US20240394480
2024-11-28
Physics
G06F40/35
The patent application describes a system designed to predict and mitigate controversial language in digital communications. By analyzing language within a user's communication, the system identifies controversial traits using a graph neural network that leverages historical data. This process results in an impact risk score that reflects the potential controversy of the communication based on the language used and the user's network. If the score surpasses a certain threshold, the system suggests alternative phrasing to reduce potential controversy.
Digital communications, especially on social media platforms, have become prevalent for public discourse. However, the rapid spread of messages can lead to harmful or divisive language affecting real-world scenarios. To foster respectful online interactions, platform owners aim to moderate content proactively.

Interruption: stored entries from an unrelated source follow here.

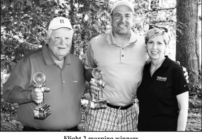
Flight 2 morning winners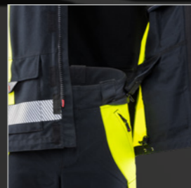
Connection zipper for jacket and pants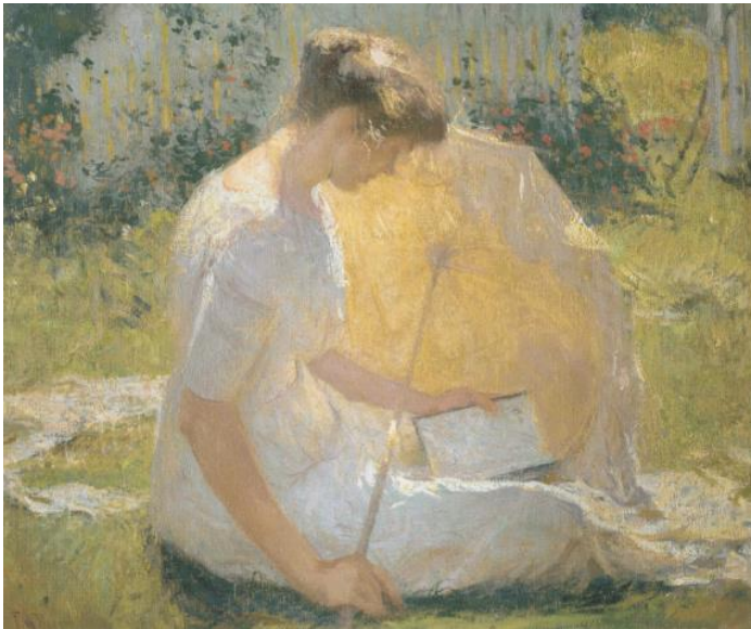
Frank Weston Benson (1862-1951) The Reader oil on canvas Painted in 1906. Estimate: $2,500,000 – 3,500,000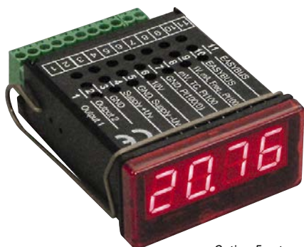
Option: Frontpanel with push buttons (frontpanel without buttons included in delivery)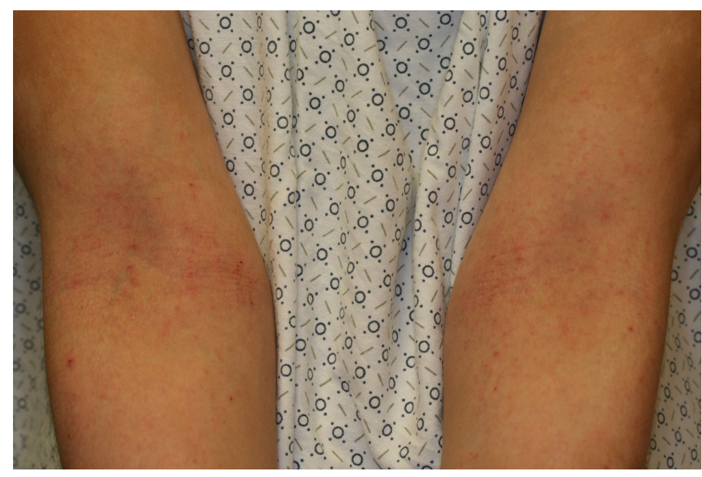
Localized mild-moderate eczematous plaques with lichenification and excoriations

This system addresses these concerns by providing tools to preemptively detect and adjust controversial language, ensuring a more inclusive digital environment.
The method involves detecting language within a candidate communication linked to a user and their network. It interprets this language to spot controversial traits and calculates an impact risk score using a graph neural network. This score considers historical data and network-specific factors like culture or environment. When the score exceeds a threshold, the system identifies suitable replacement phrases and offers them as alternatives to the user.

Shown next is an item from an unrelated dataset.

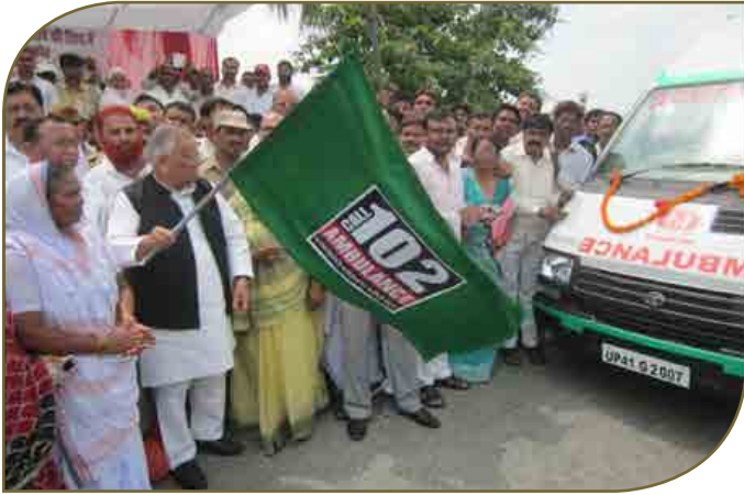
GVK EMRI (102) ambulance launch in Gorakhpur, UP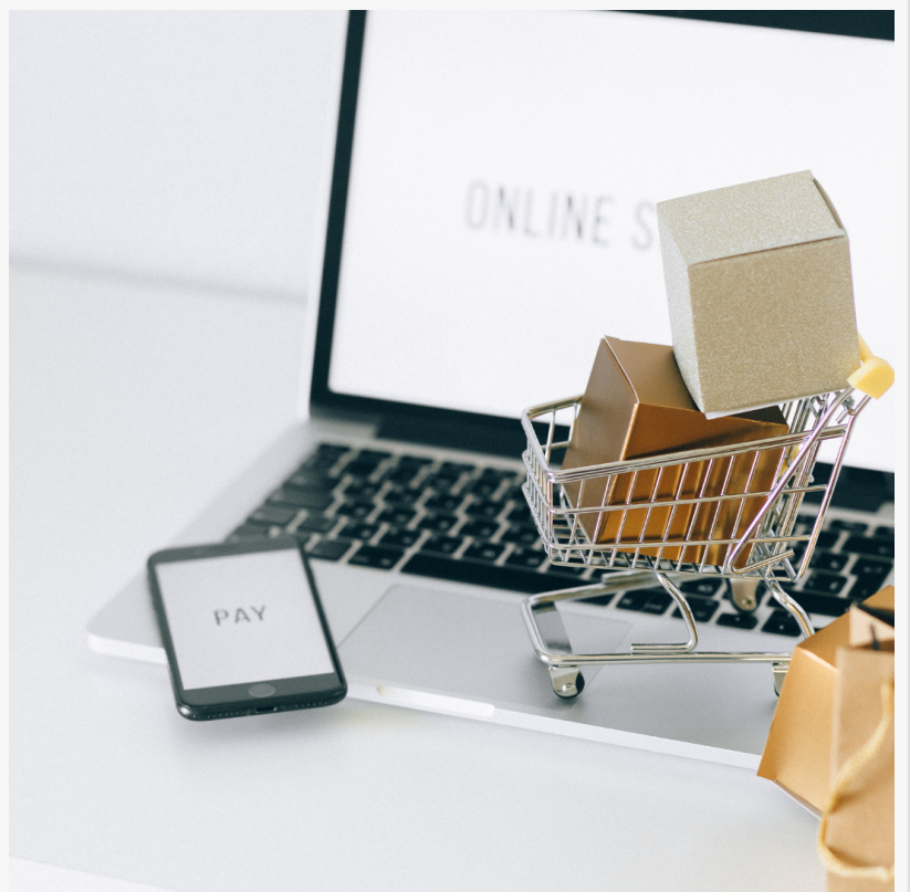
B2B & B2C Portal Management

The approach not only alerts users about potentially controversial content but also provides substitute communications that can be published instead. This feature helps maintain a positive user experience by offering clear explanations for flagged content, enhancing understanding of the network's cultural sensitivities. Additionally, feedback modules allow users to validate or challenge system suggestions, refining future predictions.
The invention can be implemented as a system, method, or computer program product, incorporating various technical levels of integration. It involves computer-readable instructions on storage media that guide processors to execute the described functionalities. This integration facilitates improved prediction and mitigation of controversial language through advanced AI and machine learning techniques.